In 2011, the Noel Canning company, which bottles soft drinks in Yakima, Wash., was negotiating a labor contract with Teamsters Local 760. The union says it and the company reached a verbal agreement. The company disagrees. An administrative law judge sided with the union. On Feb. 8, after Obama’s disputed appointments, the NLRB upheld that decision and asked a federal court to enforce it. Noel Canning is asking the court to declare that the NLRB’s intervention in the dispute was unlawful because the board lacked a quorum until Obama made the recess appointments, which were invalid because the Senate was not in recess.
In support of the company, Senate Republican Leader Mitch McConnell and 41 members of his caucus have filed a brief arguing that the recess appointments “eviscerated” two of the Senate’s constitutional powers — to “determine the rules of its proceedings” and to reject presidential appointments.
The Recess Clause says the president’s power extends only to vacancies that “happen” while the Senate is in recess. This does not describe the NLRB vacancies — or many vacancies filled by recess appointments by many presidents since George Washington made the first ones in 1789. It does, however, describe the problem the Framers addressed: Until the Civil War, travel was slow and arduous, so Senate sessions usually lasted only three to six months. The Framers wrote the Recess Clause to give presidents very limited authority to fill important posts, while preserving the Senate’s absolute veto over presidential nominations.
For more than a century, it was generally accepted that recess appointments could fill only vacancies that occurred between sessions, not in recesses during sessions. Of late, however, presidents of both parties have made many recess appointments during short adjournments — as short as 10 days. To limit this, both parties when controlling Congress have adopted the practice of conducting pro forma sessions so the Senate is not in recess even while most senators are away.
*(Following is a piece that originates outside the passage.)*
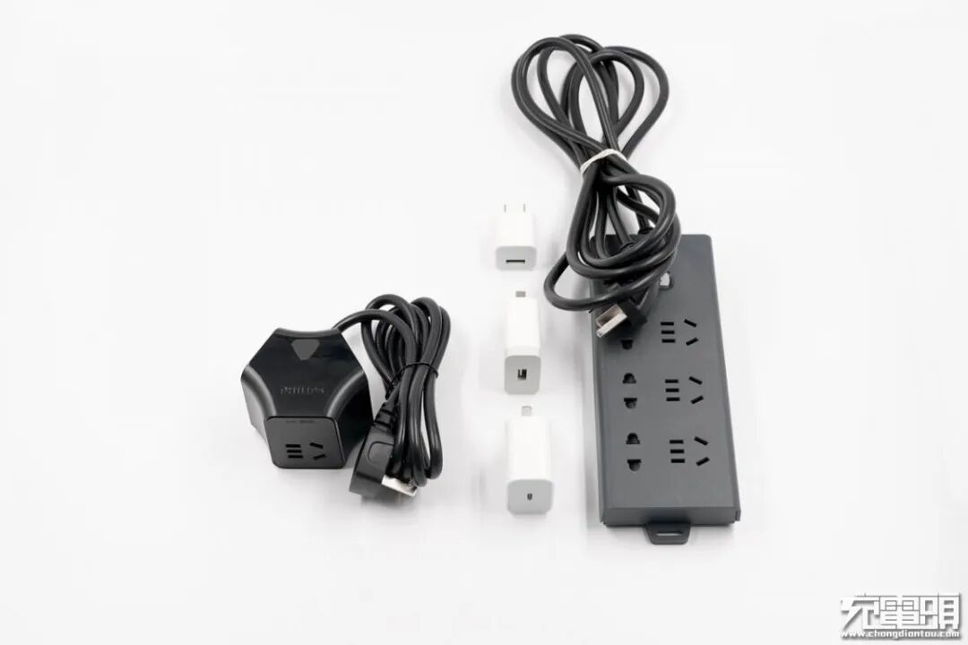 PHILIPS飞利浦摩天轮PD快充插座带有三个USB输出口三个AC交流插孔,可以满足大部分用户出门需求,右边是普通插线板加三个充电器,对比之下可以看到差旅用户带上飞利浦延长线插座节省出更多行李空间,做到方便出门不累赘。

It was holding such sessions every three days when Obama abandoned the settled policy of presidents respecting this practice. He treated the Senate’s unwillingness to act on his NLRB nominations as an inability to act, and said this inability constituted a de facto recess. He disregarded the Senate’s express determinations on Jan. 3 and 6 that it was in session. And the fact that twice in 2011 the Senate, while in such pro forma sessions, passed legislation, once at Obama’s urging.